● **What needs to be done**: Print each record exactly as it appears, but drop the images.

= Beginning of Section =

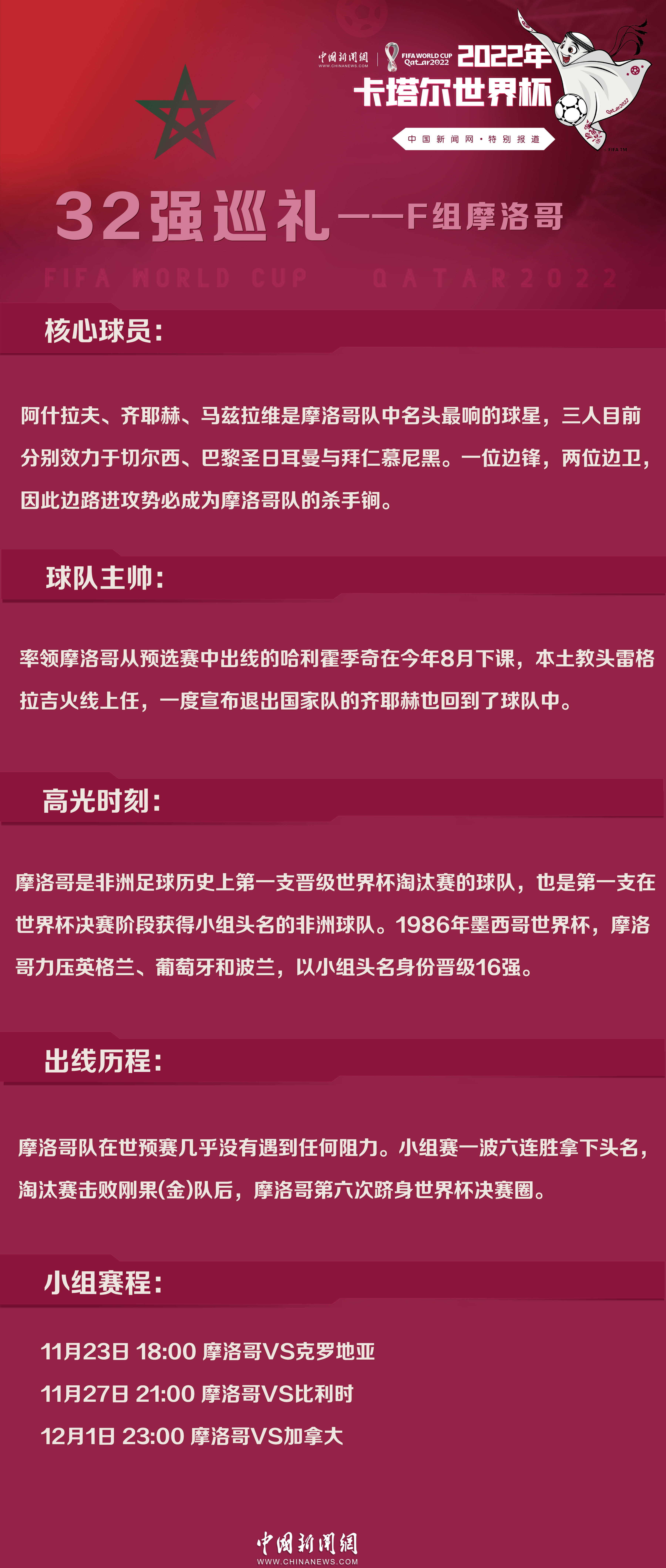 球队名单: 门将:布努、穆尼尔、塔纳乌蒂 后卫:阿什拉夫、马兹拉维、赛斯、阿格尔德、达里、埃尔亚米克、叶海亚·阿拉、巴农 中场:阿姆拉巴特、阿马拉、萨比里、欧纳希、哈努斯、贾布拉内 前锋:齐耶赫、内斯里、布法尔、阿布赫拉尔、阿布德、谢尔、阿里、哈姆达拉、谢迪拉 核心球员: 阿什拉夫、齐耶赫、马兹拉维是这支摩洛哥队中名头最响的球星,三人目前分别效力于切尔西、巴黎圣日耳曼与拜仁慕尼黑。他们之中一个是边锋,两个是边卫,因此边路进攻势必成为摩洛哥队的杀手锏。 球队主帅: 率领摩洛哥队从卡塔尔世界杯预选赛中出线的是老帅哈利霍季奇,但将率队征战世界杯的是雷格拉吉。 由于队内矛盾,哈利霍季奇在今年8月“下课”,摩洛哥本土教头雷格拉吉火线上任,一度宣布退出国家队的齐耶赫也回到了球队中。 对于一支球队而言,大赛前临阵换帅肯定会带来一定影响,这需要球队上下协力去弥缝。好在47岁的雷格拉吉在摩洛哥国内拥有很高声望,他率领维达德在今年非洲足球冠军联赛中折桂。 高光时刻: 摩洛哥是非洲足球历史上第一支晋级世界杯淘汰赛的球队,也是第一支在世界杯决赛阶段获得小组头名的非洲球队。 在1986年的墨西哥世界杯中,摩洛哥小组赛力压英格兰、葡萄牙和波兰队,以小组头名身份晋级16强。尽管之后被联邦德国队淘汰,但摩洛哥依然为非洲足球书写了历史。 出线历程: 摩洛哥队在卡塔尔世界杯预选赛中几乎没有遇到任何阻力。小组赛一波六连胜拿下头名,淘汰赛击败刚果(金)队后,摩洛哥第六次跻身世界杯决赛圈。 小组赛赛程(北京时间): 11月23日 18:00 摩洛哥vs克罗地亚 11月27日 21:00 摩洛哥vs比利时 12月1日 23:00 摩洛哥vs加拿大
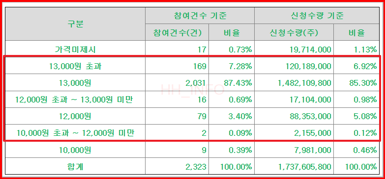 - 균등 청약: 예측 배정 확률은 약 80%로 1주를 배정받을 가능성이 높습니다. 최근 공모주 열기 감소로 인해 전체 배정도 예상됩니다.
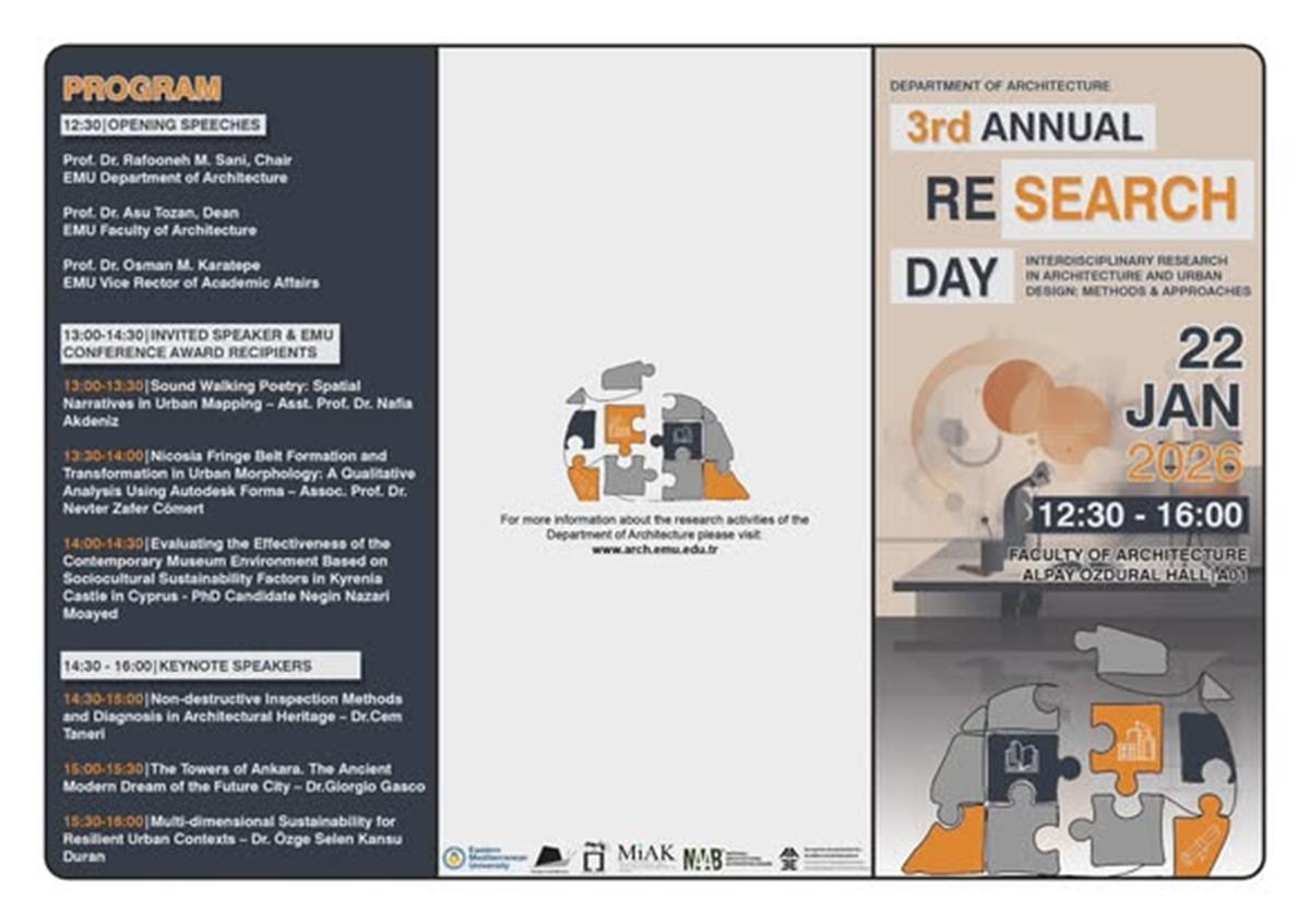 We are excited to invite you to the 3rd annual Research Day of the Department of Architecture, EMU on 22nd of January 2026
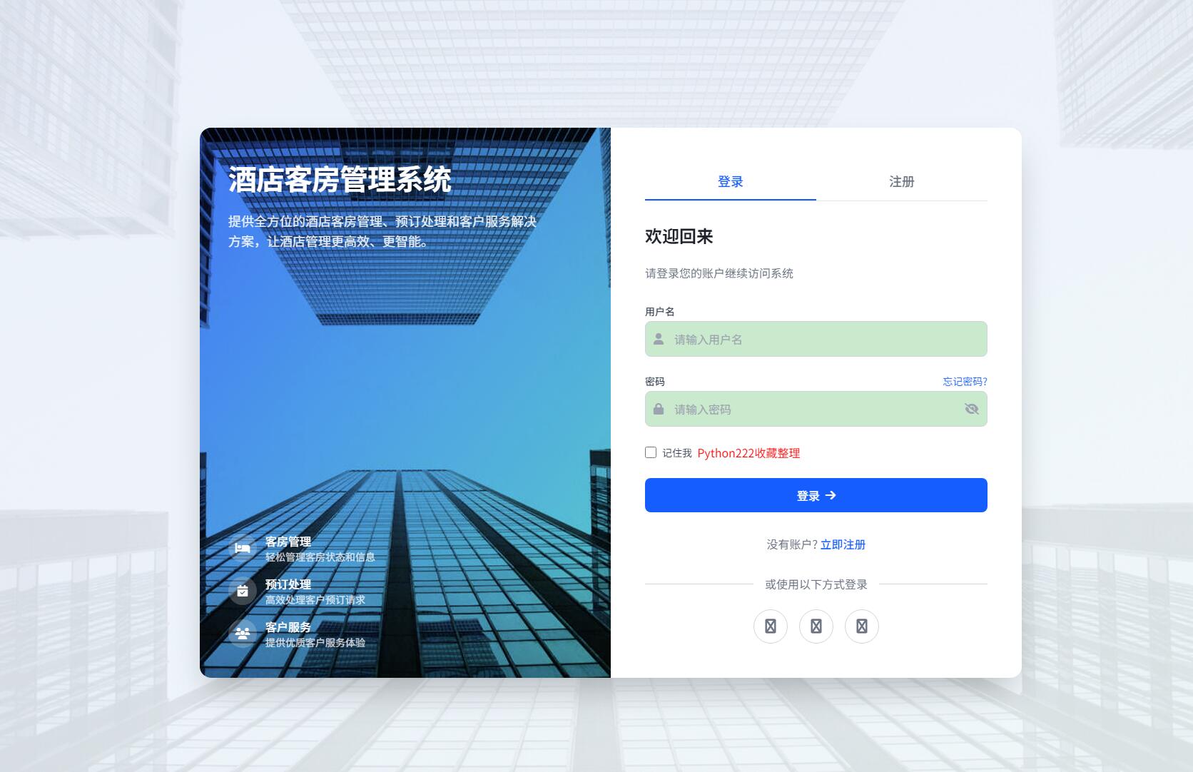 大家好,我是python222_小锋老师,看到一个不错的基于Python的Flask酒店客房管理系统【论文+源码+SQL脚本】,分享下哈。
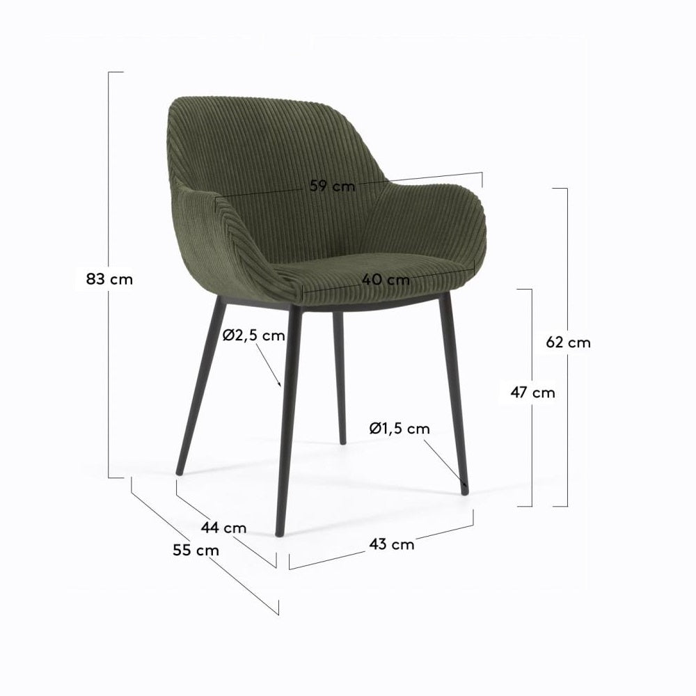 Krzesło sztruksowe KONNA ciemnozielony z czarną podstawą La Forma    Eye on Design

= End of Section =

● **Problem solution**:
 球队名单: 门将:布努、穆尼尔、塔纳乌蒂 后卫:阿什拉夫、马兹拉维、赛斯、阿格尔德、达里、埃尔亚米克、叶海亚·阿拉、巴农 中场:阿姆拉巴特、阿马拉、萨比里、欧纳希、哈努斯、贾布拉内 前锋:齐耶赫、内斯里、布法尔、阿布赫拉尔、阿布德、谢尔、阿里、哈姆达拉、谢迪拉 核心球员: 阿什拉夫、齐耶赫、马兹拉维是这支摩洛哥队中名头最响的球星,三人目前分别效力于切尔西、巴黎圣日耳曼与拜仁慕尼黑。他们之中一个是边锋,两个是边卫,因此边路进攻势必成为摩洛哥队的杀手锏。 球队主帅: 率领摩洛哥队从卡塔尔世界杯预选赛中出线的是老帅哈利霍季奇,但将率队征战世界杯的是雷格拉吉。 由于队内矛盾,哈利霍季奇在今年8月“下课”,摩洛哥本土教头雷格拉吉火线上任,一度宣布退出国家队的齐耶赫也回到了球队中。 对于一支球队而言,大赛前临阵换帅肯定会带来一定影响,这需要球队上下协力去弥缝。好在47岁的雷格拉吉在摩洛哥国内拥有很高声望,他率领维达德在今年非洲足球冠军联赛中折桂。 高光时刻: 摩洛哥是非洲足球历史上第一支晋级世界杯淘汰赛的球队,也是第一支在世界杯决赛阶段获得小组头名的非洲球队。 在1986年的墨西哥世界杯中,摩洛哥小组赛力压英格兰、葡萄牙和波兰队,以小组头名身份晋级16强。尽管之后被联邦德国队淘汰,但摩洛哥依然为非洲足球书写了历史。 出线历程: 摩洛哥队在卡塔尔世界杯预选赛中几乎没有遇到任何阻力。小组赛一波六连胜拿下头名,淘汰赛击败刚果(金)队后,摩洛哥第六次跻身世界杯决赛圈。 小组赛赛程(北京时间): 11月23日 18:00 摩洛哥vs克罗地亚 11月27日 21:00 摩洛哥vs比利时 12月1日 23:00 摩洛哥vs加拿大
 - 균등 청약: 예측 배정 확률은 약 80%로 1주를 배정받을 가능성이 높습니다. 최근 공모주 열기 감소로 인해 전체 배정도 예상됩니다.
 We are excited to invite you to the 3rd annual Research Day of the Department of Architecture, EMU on 22nd of January 2026
 大家好,我是python222_小锋老师,看到一个不错的基于Python的Flask酒店客房管理系统【论文+源码+SQL脚本】,分享下哈。
 Krzesło sztruksowe KONNA ciemnozielony z czarną podstawą La Forma    Eye on Design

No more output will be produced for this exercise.